- Born: August 24, 1875 Hamburg, Germany
- Died: November 17, 1971 (aged 96) Edison, New Jersey, U.S.
- Burial place: Clover Leaf Memorial Park Woodbridge, New Jersey
- Military career
- Allegiance: United States of America
- Branch: United States Navy
- Service years: 1898 - 1902
- Rank: Chief Machinist
- Unit: USS Newark
- Conflicts: Boxer Rebellion
- Awards: Medal of Honor

= Carl Emil Petersen =

United States Navy Medal of Honor recipient

Carl Emil Petersen (August 24, 1875 – November 17, 1971) was an American sailor serving in the United States Navy during the Boxer Rebellion who received the Medal of Honor for bravery.

==Biography==
Petersen was born August 24, 1875, in Hamburg, Germany, and after entering the navy in 1898 he was sent as a Chief Machinist to China to fight in the Boxer Rebellion. He left the navy in 1902.

He died November 17, 1971, and is buried in Clover Leaf Memorial Park in Woodbridge, New Jersey.

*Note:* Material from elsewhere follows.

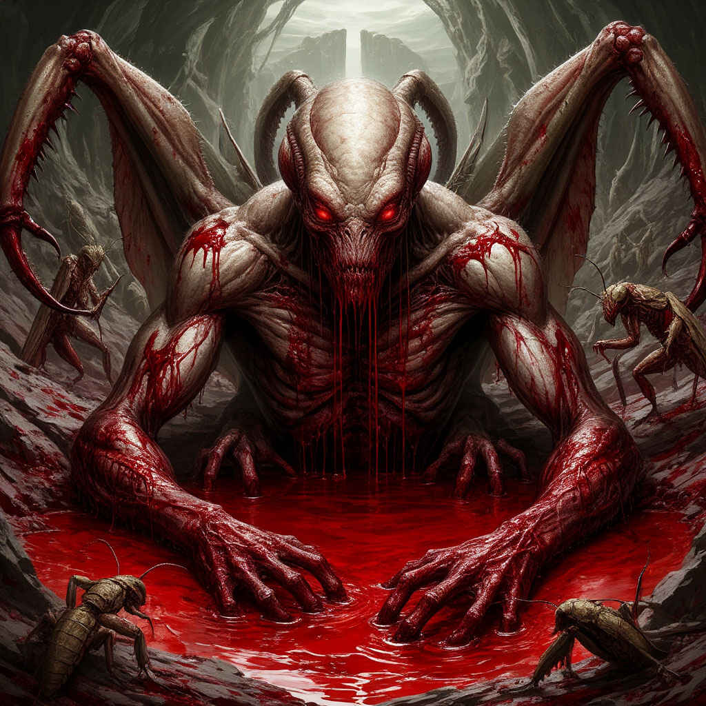 Древний Бог из мира населённого существами похожими на богомолов. Выглядит человекоподобный богомол с руками человека и богомола. Вечно в крови.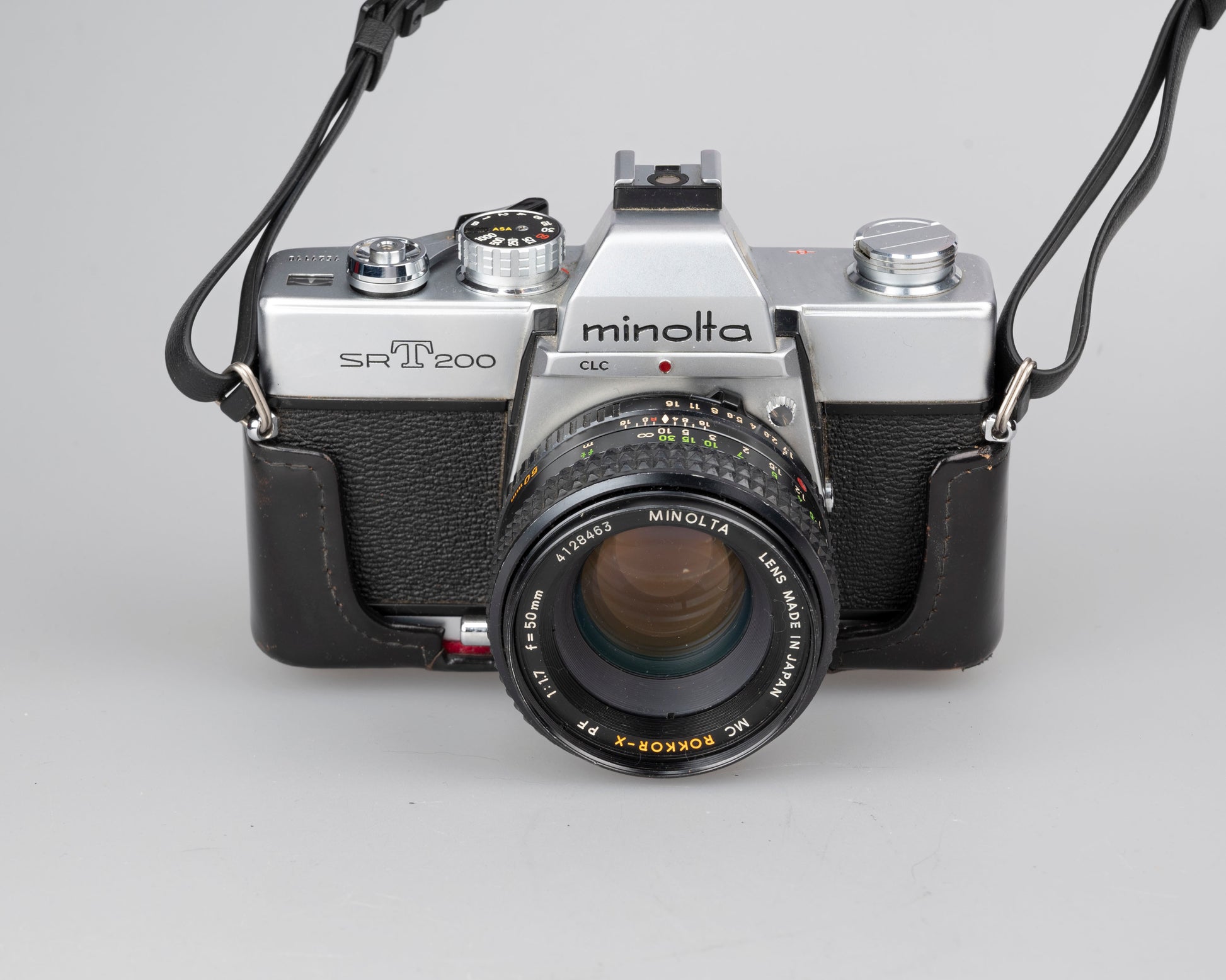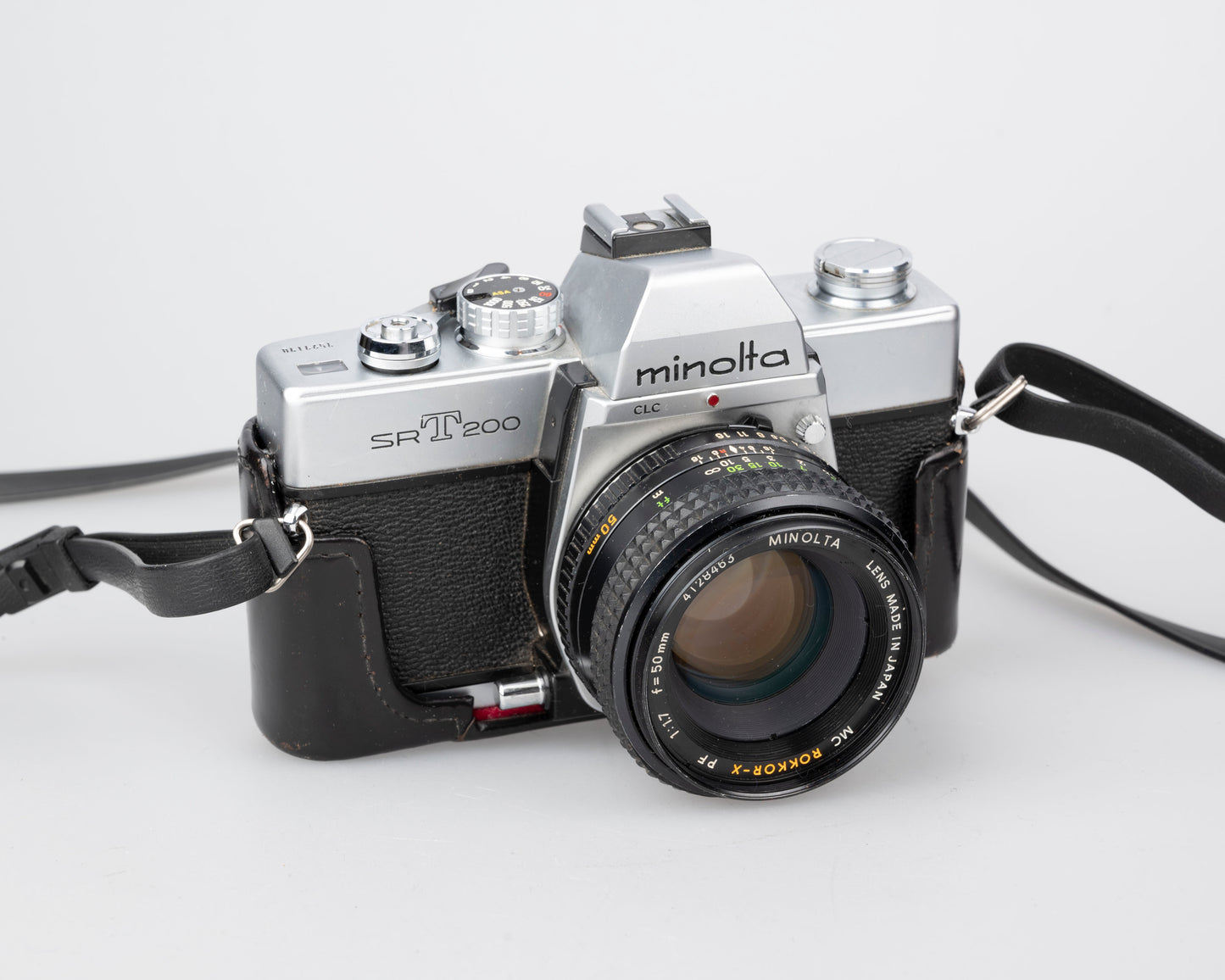 The Minolta SRT 200 is a classic mechanical 35mm film SLR with high quality all metal construction. The included lens is a fast and very sharp MC Rokkor-X PF 50mm f/1.7(50cm minimum focus distance; 6 Elements in 5 Groups). It features Minolta's CLC (contrast light compensator) light meter circuit for excellent exposure accuracy in normal shooting conditions.

==Medal of Honor citation==
Rank and organization: Chief Machinist, U.S. Navy. Place and date: Peking, China, 28 June to 17 August 1900. Entered service at: New Jersey. Born: 24 August 1875, Hamburg, Germany. G.O. No.: 55, 19 July 1901.

Citation:

In the presence of the enemy during the action at Peking, China, 28 June to 17 August 1900. During this period Chief Machinist Petersen distinguished himself by meritorious conduct.